DIRECTIONS FOR THIS TASK: What you give back from the listing below should be an exact copy of the lines from the one with "Enyhén kopott felület, sima" down to the one with "Svart sweatshirt från", and it should contain no pictures.

INPUT DATA:

^^^^^^^^

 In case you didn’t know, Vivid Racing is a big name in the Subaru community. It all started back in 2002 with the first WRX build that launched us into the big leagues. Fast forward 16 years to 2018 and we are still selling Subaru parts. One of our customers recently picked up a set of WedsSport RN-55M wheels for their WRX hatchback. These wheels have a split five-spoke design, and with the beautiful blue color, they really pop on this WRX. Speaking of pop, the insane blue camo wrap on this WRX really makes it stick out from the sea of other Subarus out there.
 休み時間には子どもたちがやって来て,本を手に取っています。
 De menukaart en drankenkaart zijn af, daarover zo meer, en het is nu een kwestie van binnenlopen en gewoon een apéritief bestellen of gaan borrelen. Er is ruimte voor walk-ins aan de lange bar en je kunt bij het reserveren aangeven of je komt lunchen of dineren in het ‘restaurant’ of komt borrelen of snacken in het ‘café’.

^^^^^^^^

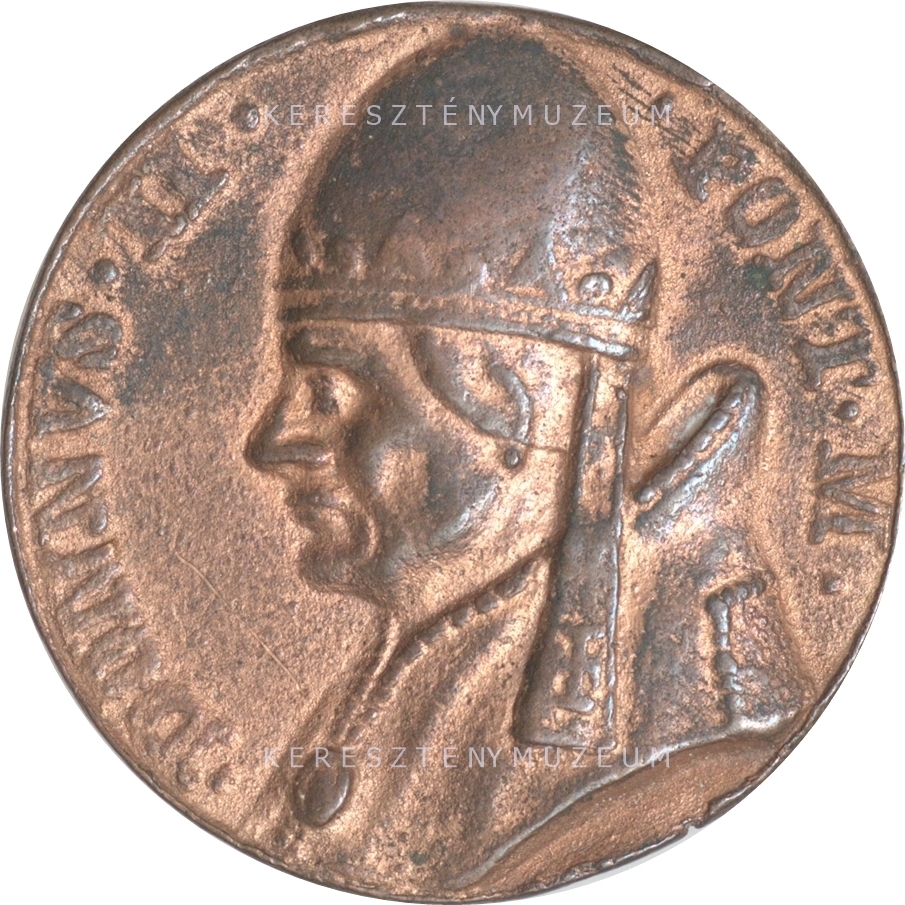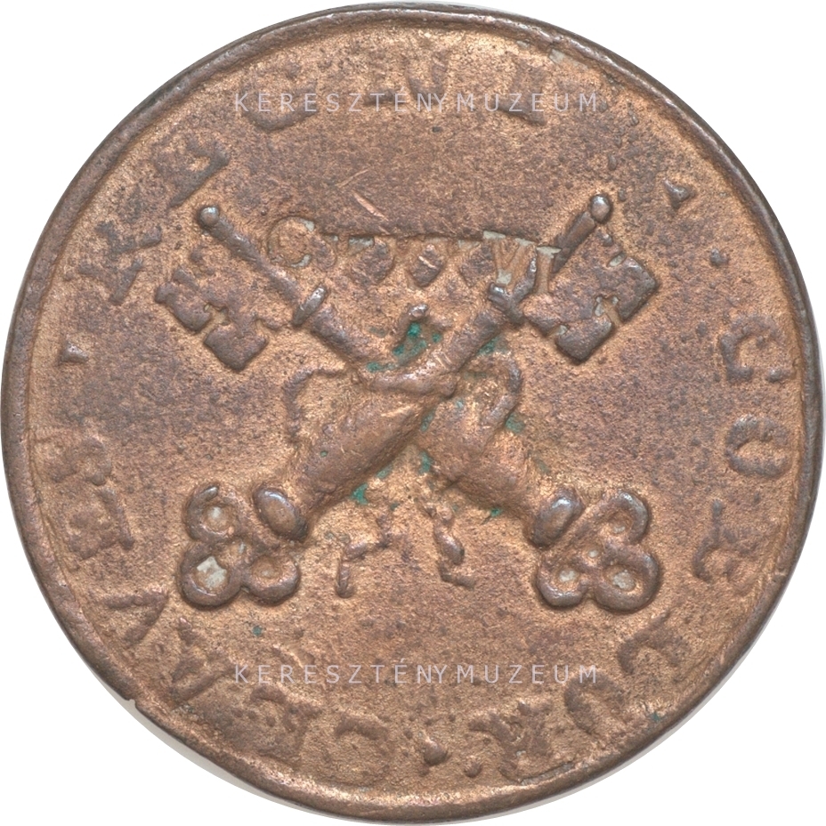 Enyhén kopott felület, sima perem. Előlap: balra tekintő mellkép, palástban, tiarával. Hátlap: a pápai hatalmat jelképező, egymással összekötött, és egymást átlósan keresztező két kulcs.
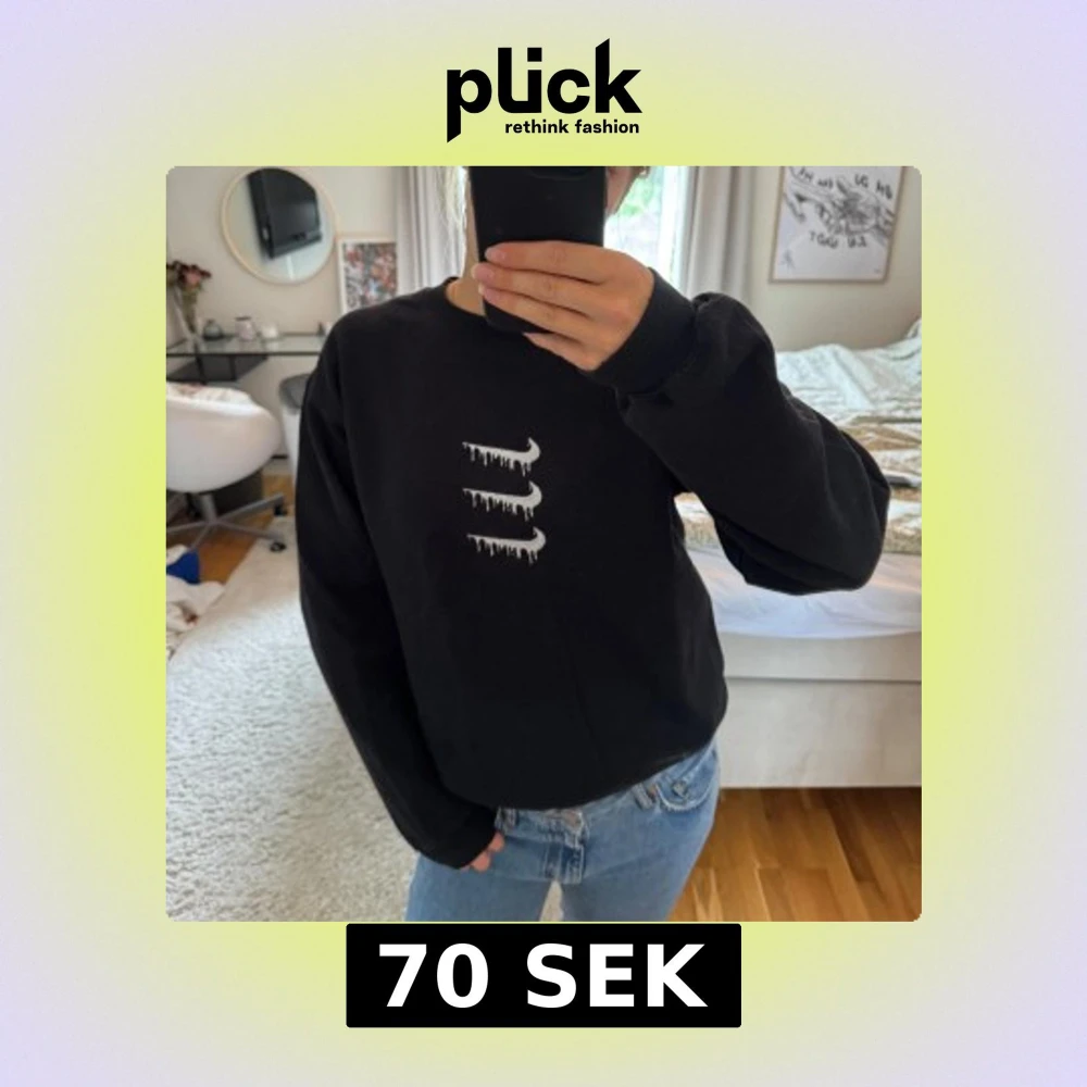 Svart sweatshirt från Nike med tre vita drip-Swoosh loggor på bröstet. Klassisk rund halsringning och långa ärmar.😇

^^^^^^^^

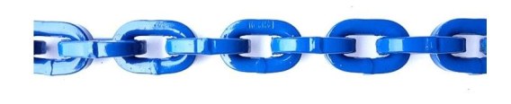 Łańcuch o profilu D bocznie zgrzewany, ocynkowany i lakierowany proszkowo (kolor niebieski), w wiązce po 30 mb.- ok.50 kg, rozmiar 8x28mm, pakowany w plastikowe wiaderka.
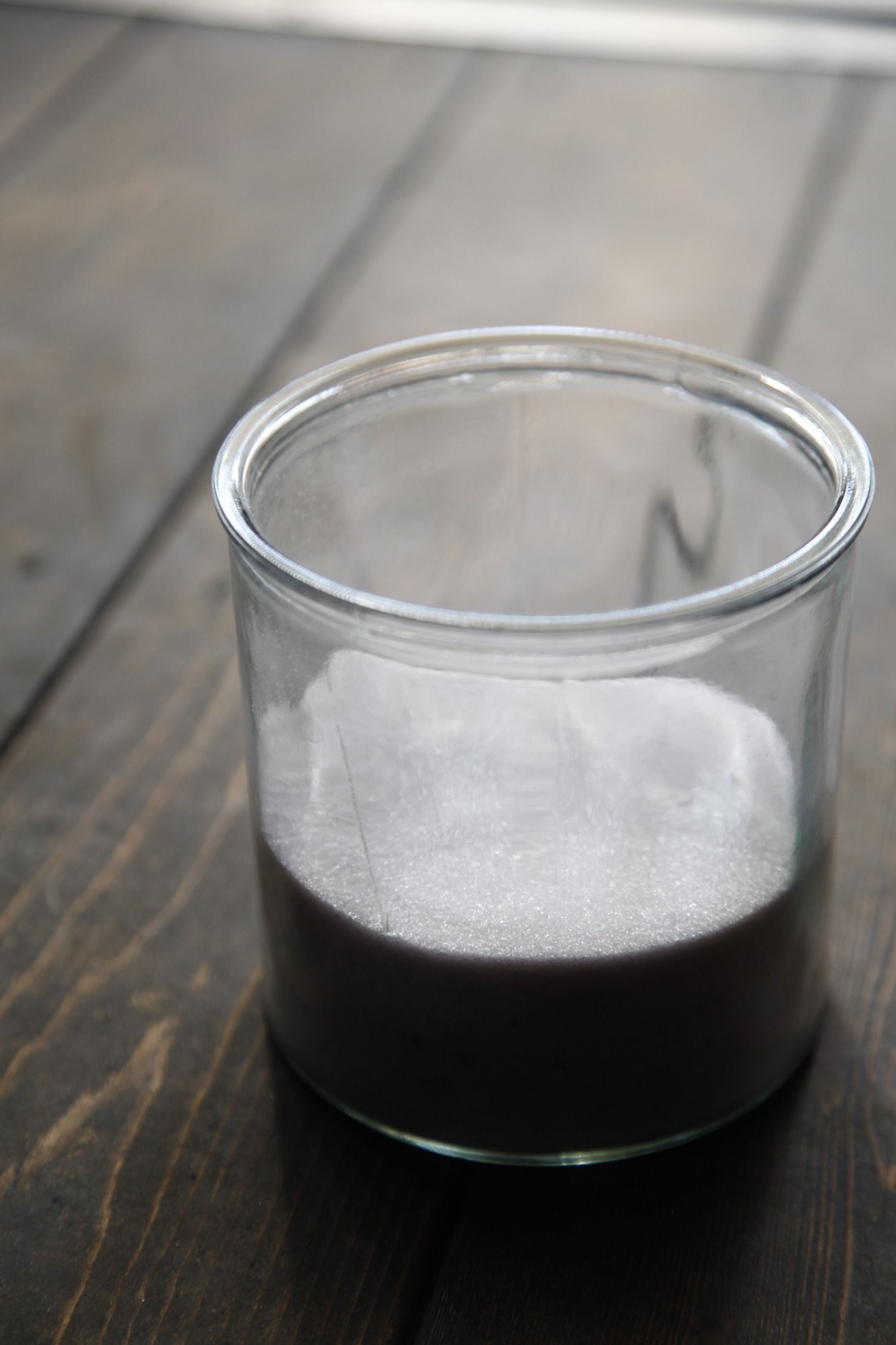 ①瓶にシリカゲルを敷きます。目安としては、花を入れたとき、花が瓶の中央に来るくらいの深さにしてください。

^^^^^^^^

EXERCISE SOLUTION:
 Enyhén kopott felület, sima perem. Előlap: balra tekintő mellkép, palástban, tiarával. Hátlap: a pápai hatalmat jelképező, egymással összekötött, és egymást átlósan keresztező két kulcs.
 Svart sweatshirt från Nike med tre vita drip-Swoosh loggor på bröstet. Klassisk rund halsringning och långa ärmar.😇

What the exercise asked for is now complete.